■ EXERCISE
A verbatim repetition of the data below is requested, without images.

** Opening DATA BLOCK block **

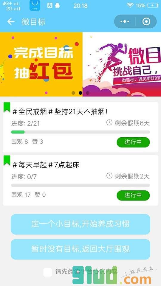 微目标是通过自律与他律的方式帮助用户养成习惯的小程序,可以发布挑战任务每天签到,快来制定一个目标,让你的好友监督你吧。
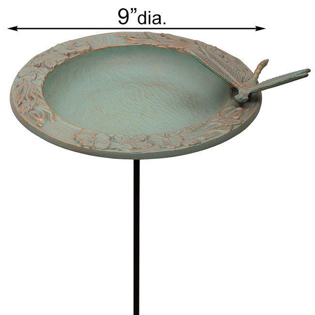 Blend a marshland hint with your birding hobby using the Whitehall Dragonfly Garden Bird Feeder. This exciting and versatile feeder creates a classic look in your yard with ease. The 1" wide lip around the unit has flower and leaf shapes in relief, for texture on the item, while a three-dimensional dragonfly figure rests on the side of the piece. This lip creates perching area around the 7" diameter basin, which holds up to 0.85 quarts of seed. Use safflower, sunflower, or mixed seed to feed a variety of birds, or use fruit and mealworms for a more select feeding station. This dish attaches to the included 17" long stake, installing into your soil with ease. Remove the feeder from the stake for cleaning and refilling it. Its copper color enhances your home or landscaping, and the verdigris colors on the recessed portions add contrast. Made of aluminum, the feeder is designed to last for several seasons. Create a fun theme in your yard with this Dragonfly Garden Bird Feeder. Made in the USA.
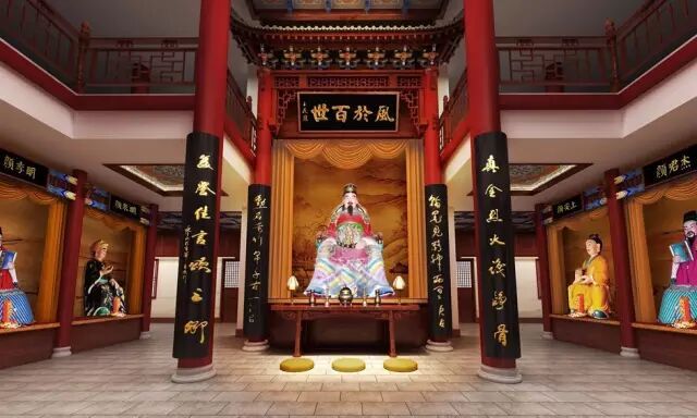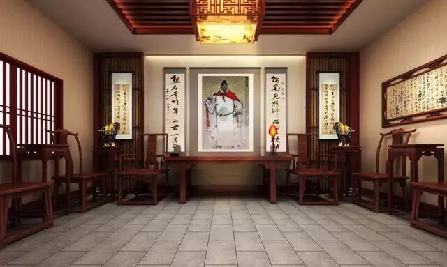 采用古建构建和布幔的形式来丰富空间层次,营造庄重的祭祀空间。整体采用红、黄等明亮的色彩,营造家庙的氛围。
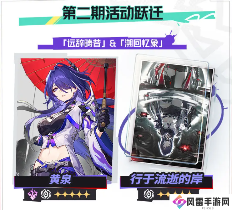 首先当然就是关于角色跃迁的活动了。第一期活动的跃迁就是关于新角色乱破的,同时还有复刻的丹恒·饮月君,另外包括了几个陪跑的四星角色以及四星的光锥;第二期的跃迁是黄泉以及砂金,还有对应他们的光锥,四星陪跑也是相当不错。

** Closing DATA BLOCK block **

■ ANSWER TO THIS EXERCISE
 微目标是通过自律与他律的方式帮助用户养成习惯的小程序,可以发布挑战任务每天签到,快来制定一个目标,让你的好友监督你吧。
 Blend a marshland hint with your birding hobby using the Whitehall Dragonfly Garden Bird Feeder. This exciting and versatile feeder creates a classic look in your yard with ease. The 1" wide lip around the unit has flower and leaf shapes in relief, for texture on the item, while a three-dimensional dragonfly figure rests on the side of the piece. This lip creates perching area around the 7" diameter basin, which holds up to 0.85 quarts of seed. Use safflower, sunflower, or mixed seed to feed a variety of birds, or use fruit and mealworms for a more select feeding station. This dish attaches to the included 17" long stake, installing into your soil with ease. Remove the feeder from the stake for cleaning and refilling it. Its copper color enhances your home or landscaping, and the verdigris colors on the recessed portions add contrast. Made of aluminum, the feeder is designed to last for several seasons. Create a fun theme in your yard with this Dragonfly Garden Bird Feeder. Made in the USA.
 采用古建构建和布幔的形式来丰富空间层次,营造庄重的祭祀空间。整体采用红、黄等明亮的色彩,营造家庙的氛围。
 首先当然就是关于角色跃迁的活动了。第一期活动的跃迁就是关于新角色乱破的,同时还有复刻的丹恒·饮月君,另外包括了几个陪跑的四星角色以及四星的光锥;第二期的跃迁是黄泉以及砂金,还有对应他们的光锥,四星陪跑也是相当不错。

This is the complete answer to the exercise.